Fearful people lash out at those they deem "different."  I've been on the sharp end of their abuse all my life, so it's an effort for me to offer compassion for them, but I've learned to understand them to the degree that I know they vent their fear on me when I don't meet their expectations for conformity.  But I chafe at the binary, NTs vs.
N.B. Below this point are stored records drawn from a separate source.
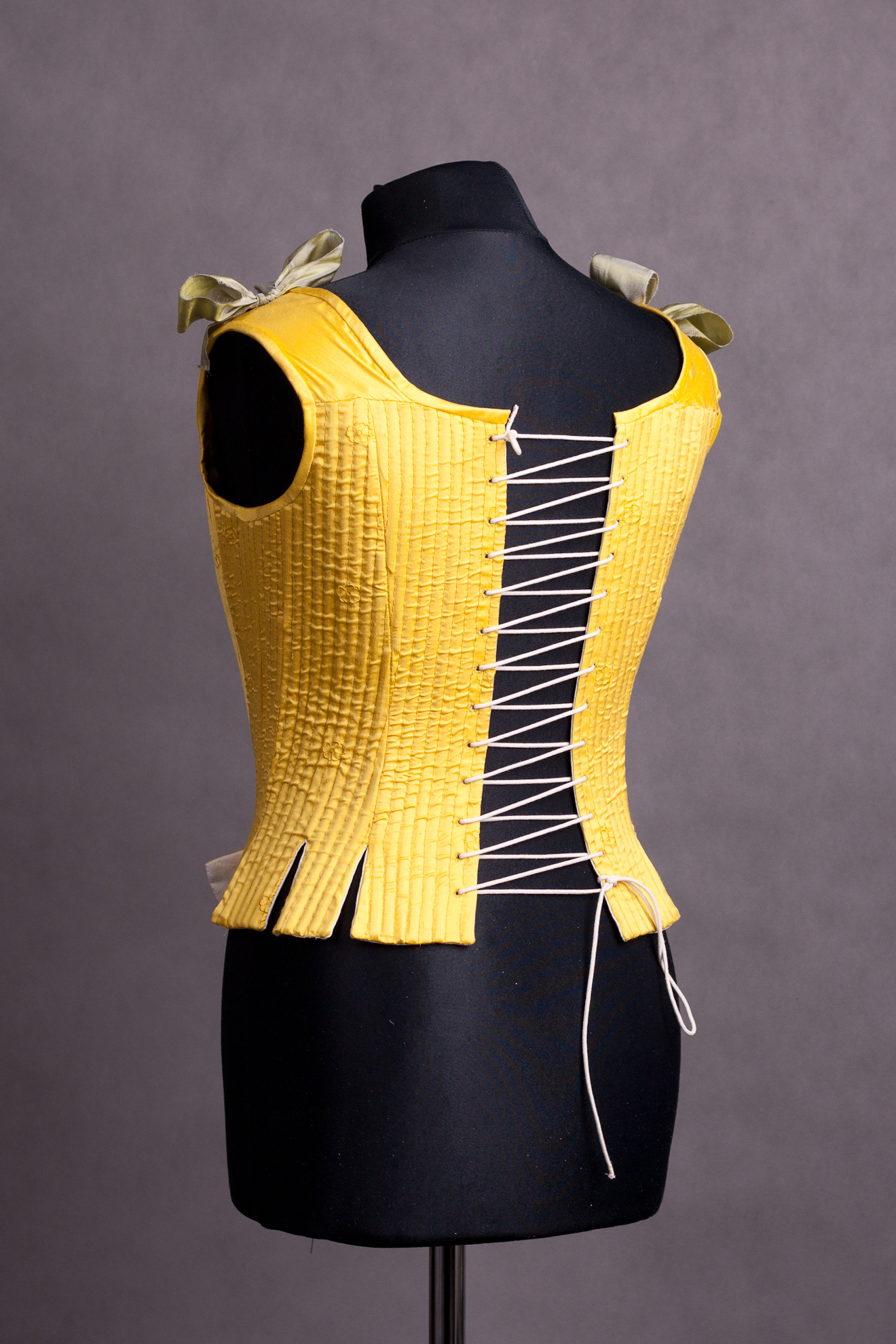 Sznurówka – gorset wykonana została ręcznie, z tkaniny jedwabnej na lnianym podłożeniu. Przód ma sznurowaną, złotą dekorację. Ramiona, dekolt i skraj sznurówki ozdobione są zieloną jedwabna wstążką. Wnętrze gorsetu wypełnione jest w całości wikliną.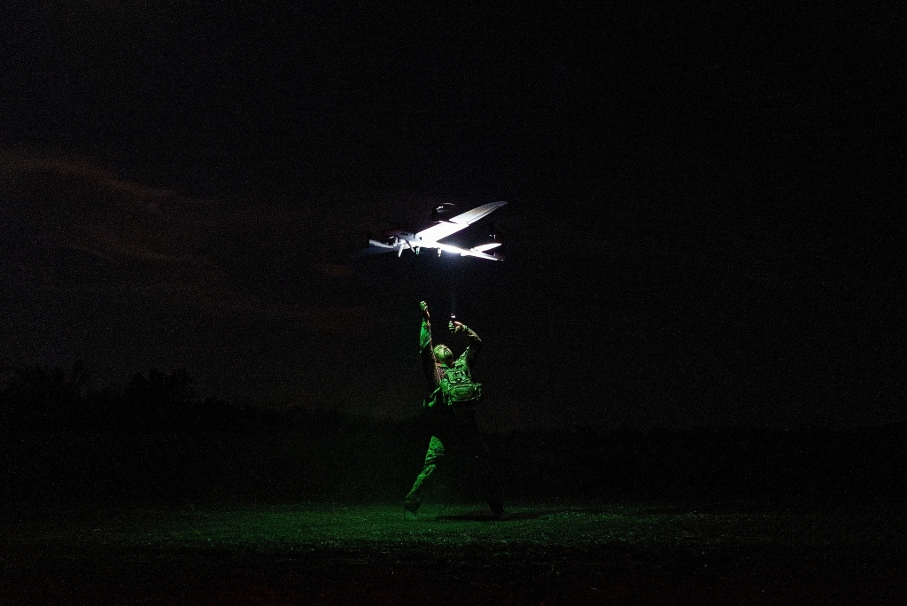 當(dāng)?shù)貢r間2025年9月6日,烏克蘭頓涅茨克地區(qū),一名烏克蘭軍人在前線放飛偵察無人機。視覺中國 圖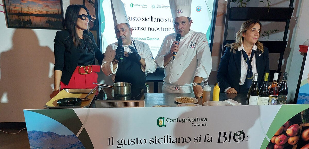 “Il gusto siciliano si fa bio: verso nuovi mercati”. Con questa frase, Confagricoltura Catania, guidata dal presidente Giosuè Arcoria, ha sintetizzato il senso di una giornata interamente dedicata al biologico, tema oggi centrale per l’agricoltura e la ristorazione di qualità. Il 16 ottobre, Piazza Scammacca, spazio enogastronomico e culturale di Catania, ha ospitato un evento che, tra tavole rotonde, cooking show, biotalking e incontri B2B con operatori del canale Ho.Re.Ca., ha esplorato il tema da prospettive diverse, offrendo voce ai protagonisti della filiera produttiva.
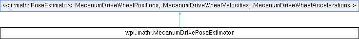 | Public Member Functions inherited from wpi::math::PoseEstimator< MecanumDriveWheelPositions, MecanumDriveWheelVelocities, MecanumDriveWheelAccelerations > | |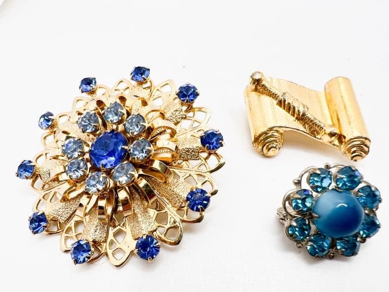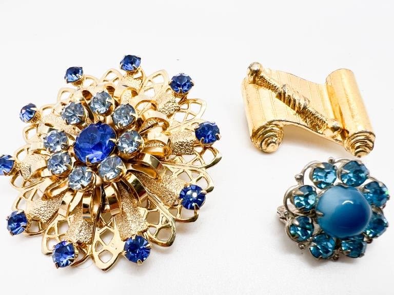 BEAUTIFUL BLUE STONES BROOCHES, AND SCROLL BROOCH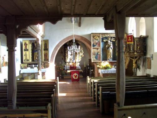 In den Sommermonaten kann man auch von der angebauten Taufkap-pelle aus einen Blick in das Innere der Kirche machen.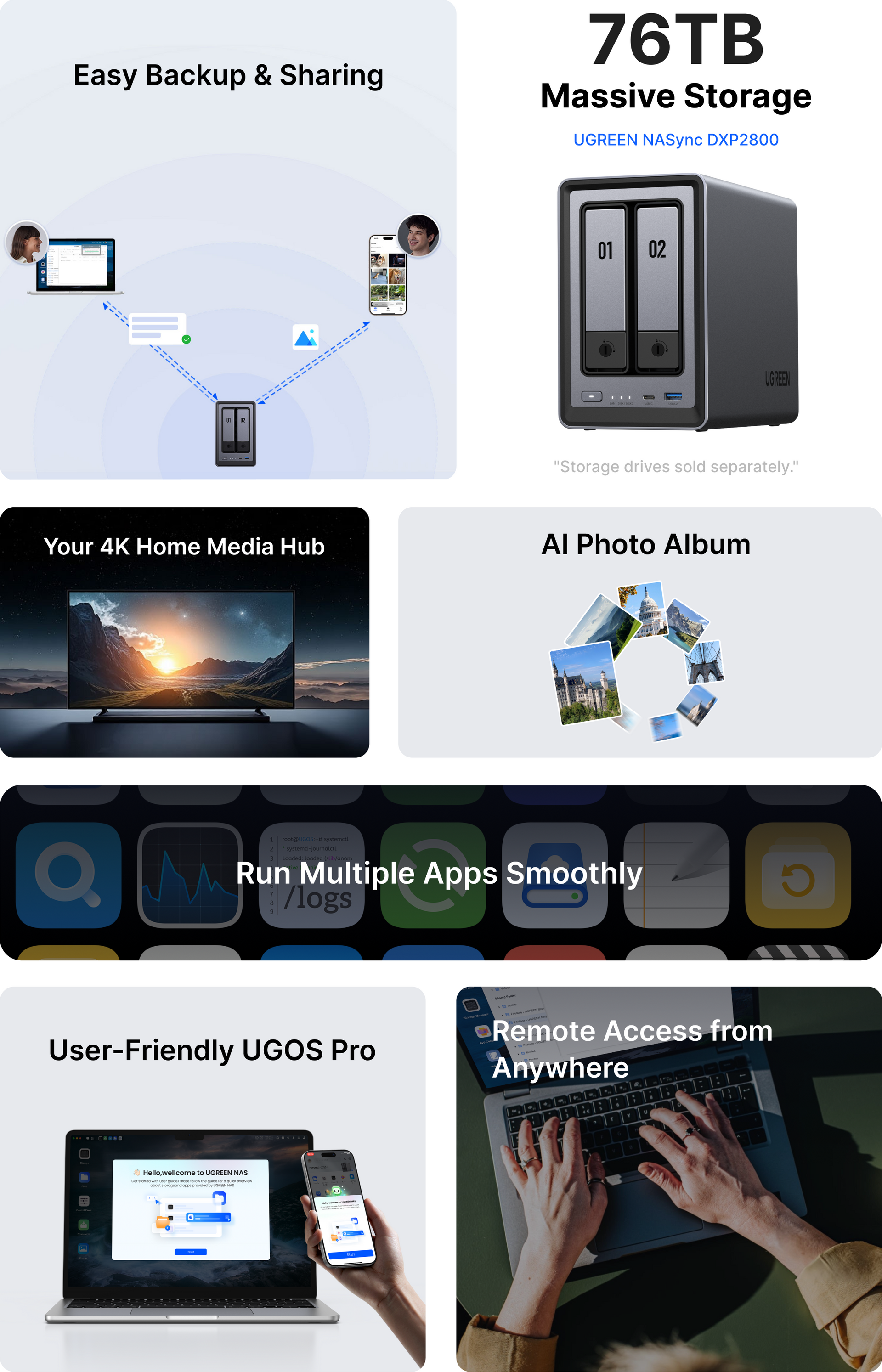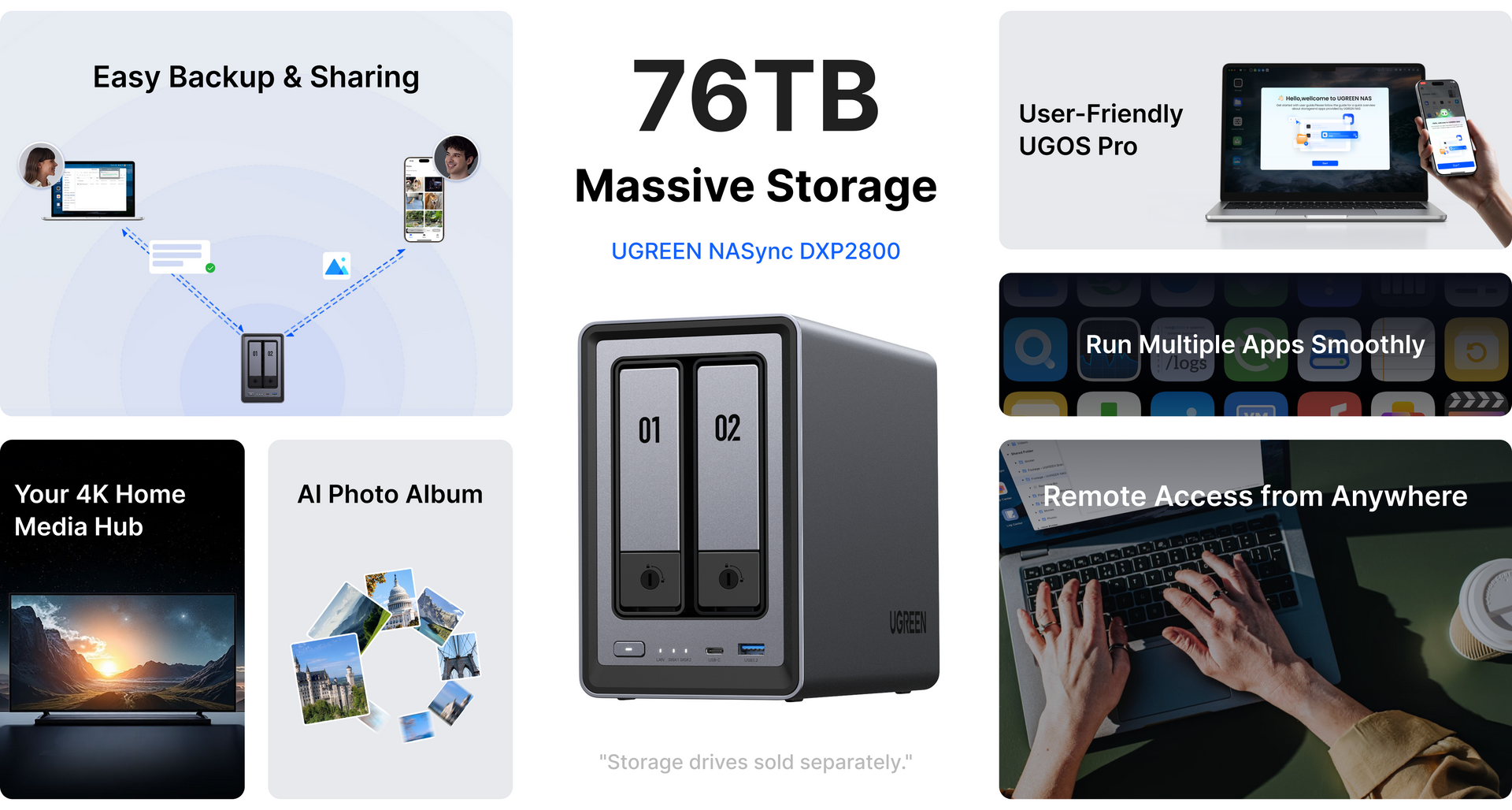 - 76TB Massive Storage: Backup everything + auto photo albums & home cinema.

Aspies approach we fall into so often.  We've got a human spectrum of complexity and richness that we ought to try to understand.  We can't do that unless we ask what motivates an NT to react, at times, with hatred toward Aspies.

I've got an amateur's guess.  I have no background in mental health.  But a possibility strikes me when I follow politics.  I suspect that those who target Aspies so viciously borrow a tactic from closeted gay politicians, religious leaders, and activists who out-homophobic everyone within earshot of a microphone or a TV crew.  Consider Larry Craig, Ted Haggard, Mark Foley, and Roy Ashburn, among others.  Outspoken public homophobes, all were caught engaging in homosexual activity or alleged homosexual activity.  My hunch is that their fire-breathing rantings of disgust at homosexuality were designed to deflect suspicion from their sexuality.  They made a choice.  They would succeed in the straight, sometimes gay bashing world by passing as straight.

I think of this sorry practice every time I read about another instance of cruelty toward anyone who is different---and let's be real, Aspies don't hold the patent on difference.  The most vicious "NT" tyrants out there may not be so NT.  They may be closeted "weird" and "off center" people who opt to succeed in a not-so-neuro-tolerant world by passing as normal, average, unremarkable, conforming, and typical---as the neuromajority defines all of that.  They deflect suspicion from their own "weirdness" by targeting people who haven't got the hang of hiding it.  No one suspects that they've got "weird" nuggets of their own hidden away.

That's as much charity as I can manage to conjure for conformists who are on the attack.  Through my six decades of life they have mocked me (behind my back and to my face); ostracized me; bullied me; harassed me; set me up for humiliation; and driven me out of jobs, all gleefully.  I don't think I've left anything out.  I do find comfort in knowing that we who are The Other have NT allies.  To answer their query, "What do Aspies need from us?" I say, expand your psychic skin to accommodate me---and us.  But it looks like they're already doing that.